And every time that we manage to successfully build up those people, companies have been very grateful and happy to have those people around. Another role that I would still mention is actually that of the data scientist. It might already be affected before introducing something like data mesh. But let's say depending on the maturity of your company, there are still a lot of companies where data scientists work in an isolated matter or way in their little labs or pockets or so, and they're not integrated in general engineering practices, such as continuous delivery, checking all your work into version control, versioning your models, your data, et cetera. And I think data mesh is actually not really talking about this much, but in fully functional data mesh, there is no way around integrating data scientists with all the other engineering and product roles. And depending on the company, this can be quite a big shift for the data science role. 

Maarten

That makes sense. And I'd love to double click on the data product manager role a little bit. So if you already mentioned that it's, in most cases, not there yet. My assumption would be of course, in companies that deliver software products, you'll have more product managers, so you might have an easier time to find them. But if you're not a software company, you might have a harder time. Ideally it's somebody that has one of both skill sets, so either product management or in data, and I guess it could be a variety of backgrounds or roles in data. Would there be any other thoughts or recommendations, maybe even a high level job description, just to help our listeners more think about or visualize what that role would actually look like in a day-to-day, how they can look for or find these people within their organization? Any pointers there that come to mind?

Arif

Yeah, that is a tough one. So from my experience, I would probably start to look for people who have a passion for product development, or basically people who work. So I would probably first look for people who don't mind talking to stakeholders, understanding the needs of customers and consumers, because this is what you need to have a passion for, that you try to understand what the needs, what the desires of other people, usually within the company are. And then I think you can ideally look whether among those people, there are some that are also interested in data, and if not, you can try to upskill them on that side. Of course, it can also work the other way around, but I think it's really important that you find people who like to work with people, and are not only enthusiastic about data and data technology and analytics results, et cetera.

Maarten

Max, anything you want to add there?

Max

Well, I can also speak a bit from my experience here, in the sense of, on the one hand side, we were lucky enough to some extent, to be already more on the side that you mentioned before, that we had already been a pretty product-driven company at that time. So even a lot of the, let's say software engineering teams that were providing a lot of the data, they already had product support for the parts of the services that they were providing. And from that angle, of course, it makes it easier to take somebody that already has the product thinking, already has a network internally of stakeholders that they are regularly communicating with to up skill them on the data side and have this they're using to actually introduce them to, then as a reset to have it the other way around where you have some people that might be passionate about data, but they are more focused on technology and diving into the details and really being interested in the analytics of the specific facts that they're actually looking at.

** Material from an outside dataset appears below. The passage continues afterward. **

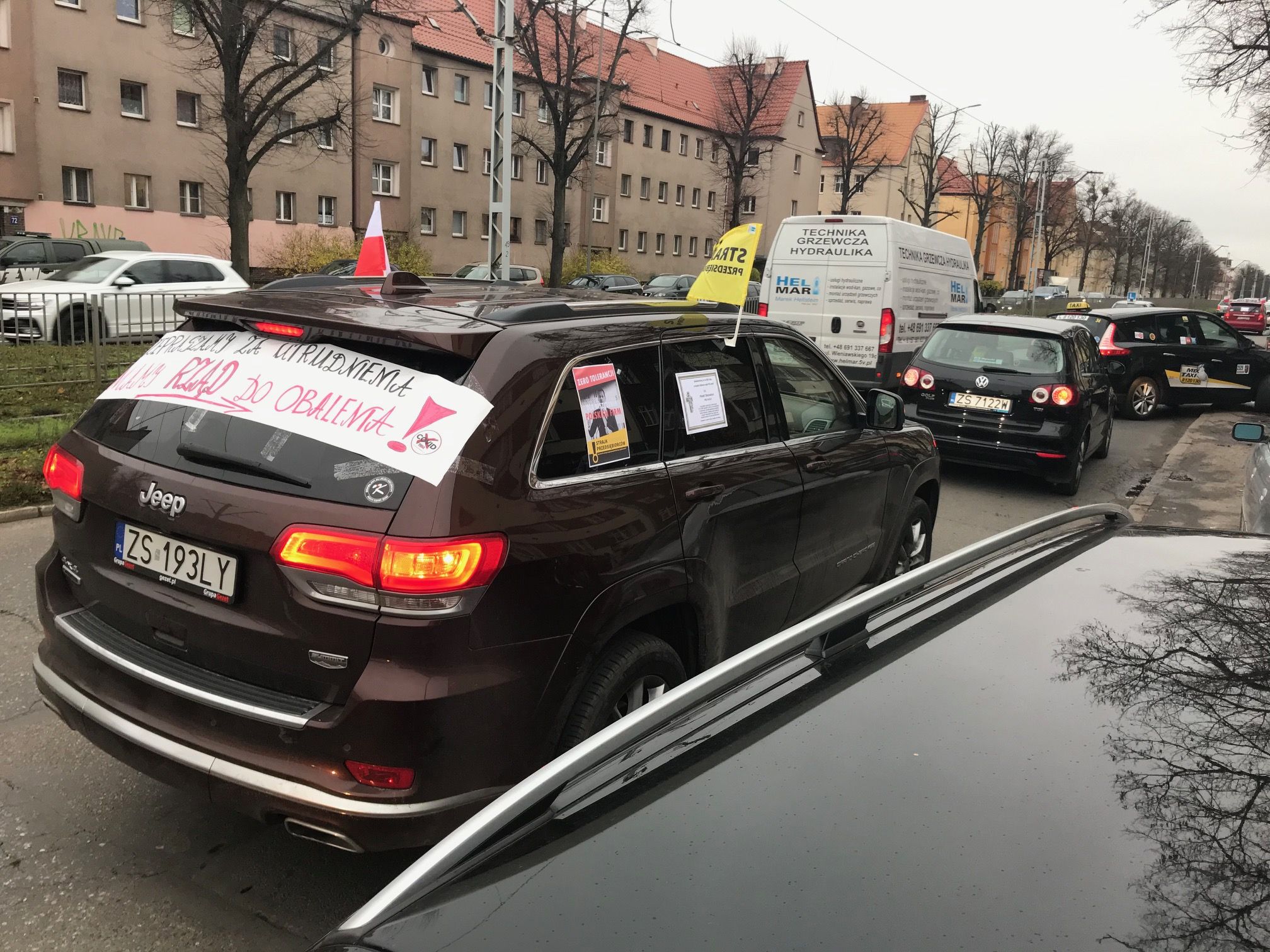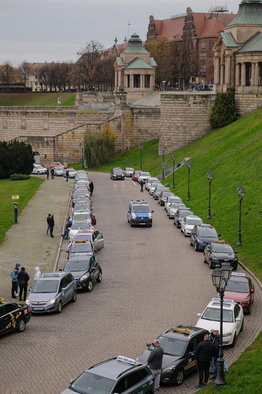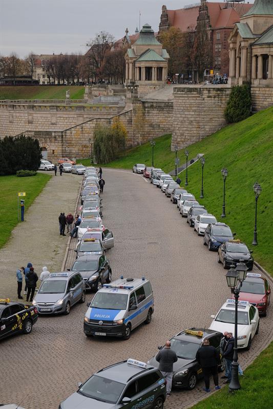 Wczorajszy protest rozpoczął się zgodnie z planem o godz. 13. Licząca grubo ponad setkę aut kawalkada taksówek różnych korporacji wyruszyła z ul. Admiralskiej i chwilę później dotarła pod Urząd Wojewódzki, gdzie organizatorzy złożyli pismo z postulatami. Potem kondukt, bo protest zorganizowany był w konwencji pogrzebowej, miał dotrzeć pod siedzibę Prawa i Sprawiedliwości przy ul. Adama Mickiewicza. Tam uczestnicy mieli złożyć żałobny wieniec. Ale jakoś nie wyszło.

From that angle, I think we've always been on the more lucky side, let's say to start that journey. Of course, we are growing as well. There's new teams that are being built up and there's, again, also people that we need to bring in from the side or that we need to newly introduce to these roles. And I have seen people as well that were coming from a data engineering space or from a data analytics space that started to move into product as well. And again, one of the biggest traits that Arif also highlighted, those were usually the people that were very interested in working with people and communicating all the time, and understanding and trying to dig deep into what their stakeholders actually need. So from that angle, the experiences are really matching here from my side as well.

Maarten

That makes tons of sense.

Nice. So what will the topic of the second book be about, then?

Max

I think we have to admit, this is not the fully sized book that you would expect on a topic like this. On the one hand side, of course, we've written it rather early throughout the development of the data mesh topic in general, but that also makes it a great intro point. I think it has now reached a size in the format where you can easily run through that in a day and get a very good grasp on what the topic is about, and what are some of the key points that you need to start thinking about when it comes to reflecting this on your organization? Now, the interesting part is, of course, we are curious to dive deeper into that. Since  we wrote the book, there's still plenty of practical examples and practical experience that we are collecting each and every day when applying those things in practice.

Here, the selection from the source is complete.